1. The Asian Fund Manager Survey released this week shows that institutional investors have not only increased their favorability towards China Assets but are also actively positioning themselves; 2. Those bearish on China Assets and the China economy have also reached a historic low on record; 3. In another survey, "going long on China Technology stocks" is one of the most crowded trades globally recently.
On March 19, the Financial Associated Press reported (Editor: Shi Zhengcheng) that while confidence among global institutional investors in US stocks has collapsed, the latest Asian Fund Manager Survey released by Bank of America Securities shows that institutional investors' interest in China Assets has surged.
According to this week's report, in terms of asset allocation preferences, the China market has jumped to the second position in Asia.
More importantly, a record number of institutions believe that the China market has now exited a structural bear market. In the latest survey, investors' pessimism regarding structural issues in the China economy has fallen to a historical low.
(Source: Bank of America Asian Fund Manager Survey)
Bank of America Analysts used the term "paradigm shift" to describe China Assets in the report. They pointed out that the surveyed fund managers believe that "this time is different." This upbeat sentiment stems from investors' expectations that households in China will increase spending and investment, rather than hoarding Cash in deposit accounts.
(Source: Bank of America Asian Fund Manager Survey)
Under this bullish expectation, Asian fund managers have started actively positioning in China Assets.
The survey shows that, based on the clear signals for economic stabilization and policy easing, 50% of institutional investors have started to build positions in Chinese assets, a significant increase from 32% in the February survey. Additionally, 19% of investors are waiting for clearer economic signals.

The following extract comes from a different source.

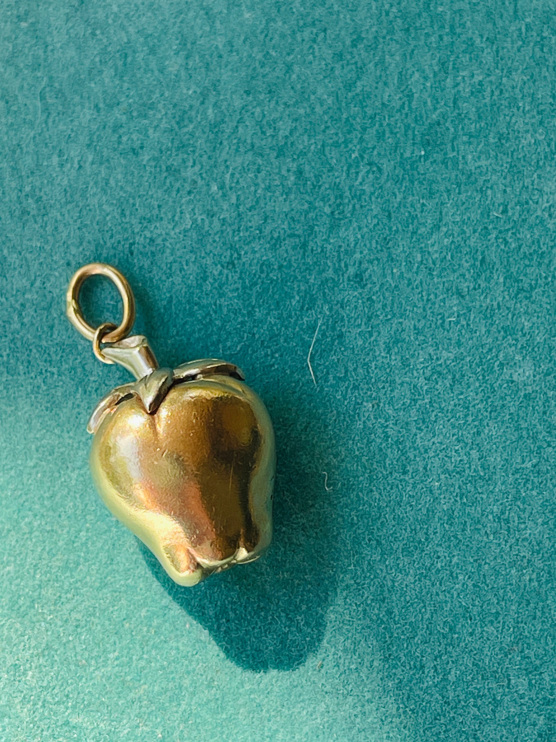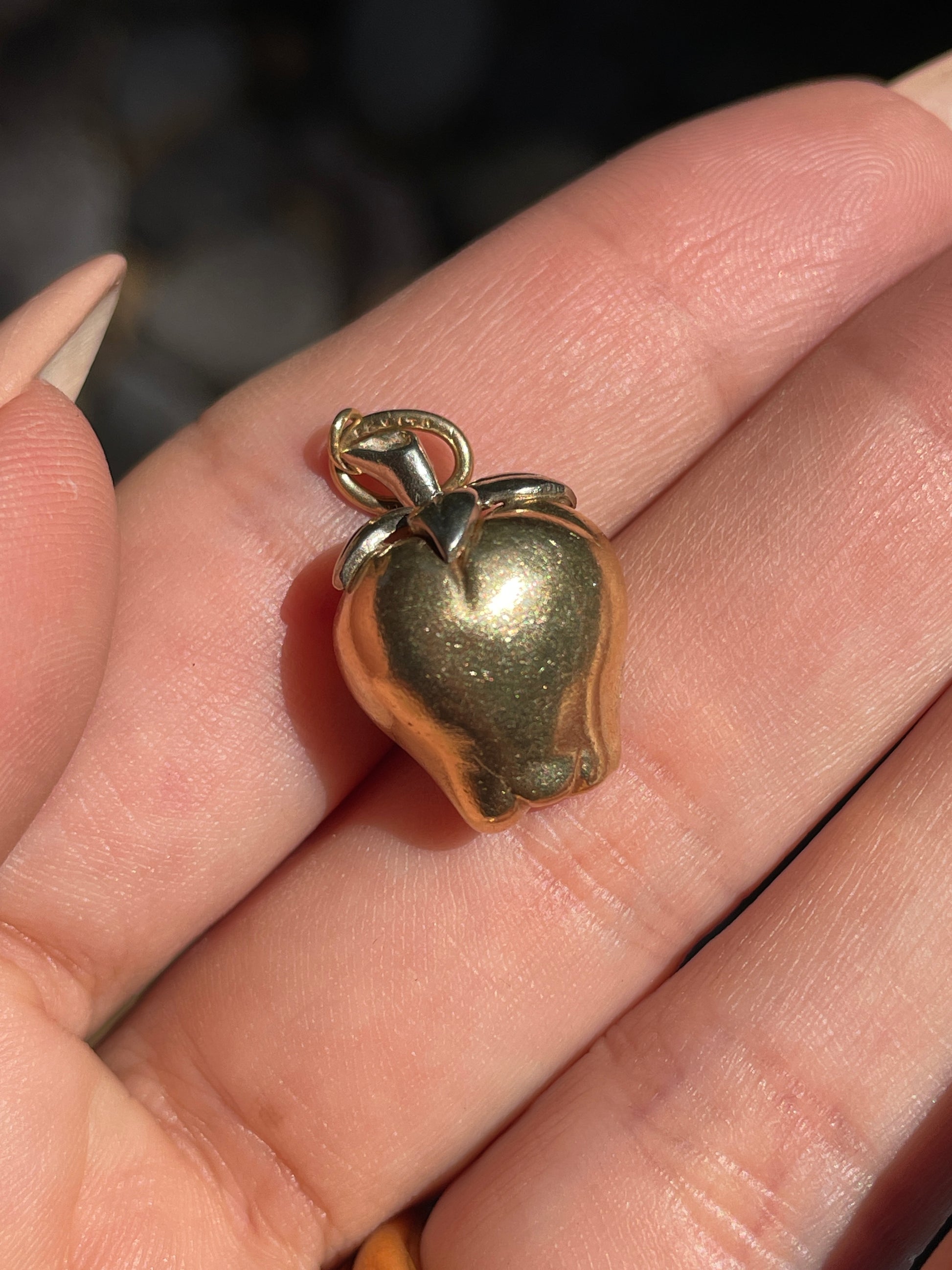 A super solid, heavy Vintage yellow 14K gold mystery fruit pendant, fully detailed on all sides. Not sure if this is an apple, a strawberry without seeds, or possibly a bell pepper? Regardless, it's an adorable food item! Fruit body is yellow gold and leaves are white 14K gold for added dimension. Measures 1.1 inch long with bail x .5 inch wide. Weighs 7.2 grams heavy. Very good preowned condition.

(Source: Bank of America Asian Fund Manager Survey)
In line with market trends, AI, chips, and the Internet remain the overwhelmingly Bullish investment themes for Asian institutional investors in China.

(Source: Bank of America Asian Fund Manager Survey)
This survey was conducted from March 7 to March 13 this year, with a total of 205 fund managers interviewed, managing a total of 477 billion dollars in assets.
Correspondingly, in this week's Bank of America Global Fund Manager Survey, being long on Chinese tech stocks also ranked among the most crowded trades.

(Source: Bank of America Fund Manager Survey)
By the way, the Bank of America Asian Fund Manager Survey also shows that Japan remains the most favored asset by institutional investors in Asia, but enthusiasm is beginning to cool. In the March survey, only 59% of respondents believe that the Japanese economy will strengthen in the next 12 months, down from 73% last month. Investors will continue to focus on the Bank of Japan's policy trends, Forex fluctuations, and corporate reform issues.
On the other end of investor sentiment, the Thai stock market is the least favored by Asian Fund managers, with a net underweight ratio of 16%. India (-13%), South Korea (-13%), and Indonesia (-13%) markets follow closely behind.